Authentically Mongrel. Did I just label myself?

Island Blog 138 The X Factor

 

 

 

originalityTalking today with my whale-watching son, we discussed, as we cleared out his garage and carted dross to the local tip, music and originality.  He told me that there is nothing really original, as there is a finite number of notes on the keyboard and, therefore, a finite number of possible chords.  I felt my heart flutter at the very thought, me being a fully paid up member of the theory of Originality.  I say to him, if there really is no chance to be original, why do any of us get out of bed of a morning?

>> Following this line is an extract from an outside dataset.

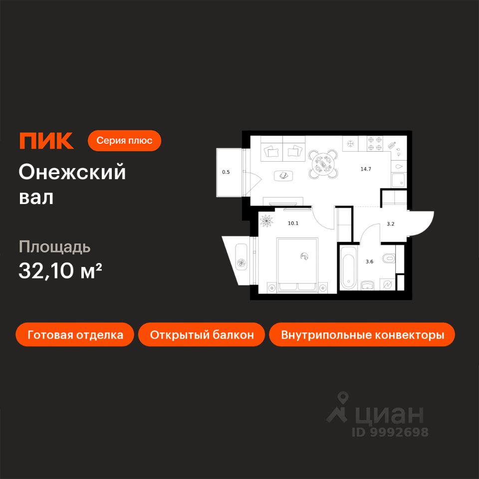 Новостройка! Продается 1-комн. кв-ра площадью 32,1 кв.м, (Корпус 1.1.5, Секция 5) 4 этаж 9-этажного дома в Онежский вал от ПИК. Квартал ''Серии плюс'' строится на севере Москвы, в 10 минутах пешком от станции метро ''Селигерская'' и МЦД ''Моссельмаш''. Проект понравится всем, кто привык к комфортной жизни и ценит возможность оставаться в ритме большого города и быстро добираться до центра столицы. Концепция проекта связывает квартал с природой Русского Севера. В проекте три акцентные башни с террасами и контрастными фасадами из матовой плитки и металла. Корпуса разной этажности повторяют силуэты хвойных деревьев, а архитектурные элементы на фасадах — напоминают природные рисунки скал. Блестящие алюминиевые панели в тон матовой плитке создают игру текстур на верхушках корпусов. Благодаря продуманности архитектуры, в квартирах есть панорамные окна в пол, открытые, французские, угловые балконы и террасы. Собственная продуманная инфраструктура проекта сделает жизнь в квартале удобной и поможет сэкономить время на бытовых делах. На территории мы построим свои детский сад, школу и поликлинику. А на первых этажах квартала откроются магазины, кафе, пункты выдачи и полезные сервисы. Для занятий спортом рядом с домом появится спортивный комплекс площадью 5000 м2 с залами для тренировок и просторным бассейном. А закрытый двор-парк и широкий пешеходный бульвар станут местом для прогулок и спокойного отдыха. #d23.01# Артикул 1058375 (Застройщик ООО СЗ ''ПрометейСити'')

But that wasn’t quite what he meant.  He was talking complete sense and truth.  What happens beyond the understanding of that truth is a very different thing.  Park that for now.

Another subject we discussed over a delicious dinner at Cafe Fish (don’t ever miss out on that opportunity) was that of relationships, my very favourite subject.  I talk to myself about them all the time, but it is so uplifting to find a co-discusser who is also interested and who is also a man.  Might be a first!  He is 30 years younger than I but has an eye on this tricksy subject and a way of looking at it that I, sealed up in my own history and experience, might have missed.  We spoke of those that last and those that don’t and of why, although nobody outside of any relationship can ever, should ever, decide they know why or how one fails and another doesn’t.  It is pretty damn easy to play judge and, when we do, and we all do at some time, we might consider our own, and how clever we are at them.  Or not.

Now un-park that earlier thing.

What comes into play with a musician, a song-writer, a business owner, an artist, a wife, a husband, and I could go on forever with the list, is Originality.  The only thing we can ever bring to her table is our own originality, and, in doing so, we can change everything.  For example……..there is a clever, gifted, silversmith, young, newly graduated and about to hit the world.  No experience of anything to do with street wisdom beyond the decision not to go out alone at 4 am in a lycra bodysuit and 6 inch heels through a dodgy part of town. He, or she has this talent, this achievement, but has little or no idea how to walk it out in a way that will guarantee success and profit, long term.  It is all down to the self in this, the Originality and, most importantly, whether we honour that and use it, or not.  We all have it.  We don’t all use it.

Hmmmmmm.

If we listen only to the facts, that tell us there is a finite number of chords, of keys, of chord progressions, of dance moves, of colours mixed, of lives lived, then we might just keel over right now.  But we don’t do that.  We go on, believing, albeit very privately, that we just might have that something that changes everything.  But now we have another problem.  We watch television and movies and we set ourselves lower than we should as a result.  Every story is glamourised and idealised to the point of impossibleness.  How can we ever match up?  We don’t look like this star or that, with their perfect body parts, tans, choices, homes and luck.

To stick with something, in the inglorious (second meaning in the dictionnary) hours, when nobody is clapping or even watching, and to keep going…… now that is Originality. To work consistently, through the cold and the wet, to resist the naysayers who question our sanity and who come, like greeks bearing gifts, of trojan horses, of quick fixes, of a quicker route to the treasure chest, to make ourselves go on, following our own heart belief…..this is Originality.

To give up in the face of the inner voice that keeps asking……Who are you to think you can rise up to meet your dream? leads only one way.  Every single time.

Don’t listen, don’t watch, don’t falter.  Originality has chords and notes and moves and moments that build into something that, one day, people will revere.  Our job may be menial.  Our home may be simple.  Our life, ordinary.  But, wait a minute, this is all of us.  Those who appear to have it all are just like us.  We all have in our hands, whatever our situation, that chance to change everything. We just have to rack up and dust off and step up.We need to say Here I am, and not There I was.

Not one of us is perfectly formed, according to the world.

And yet, every one of us is exactly that.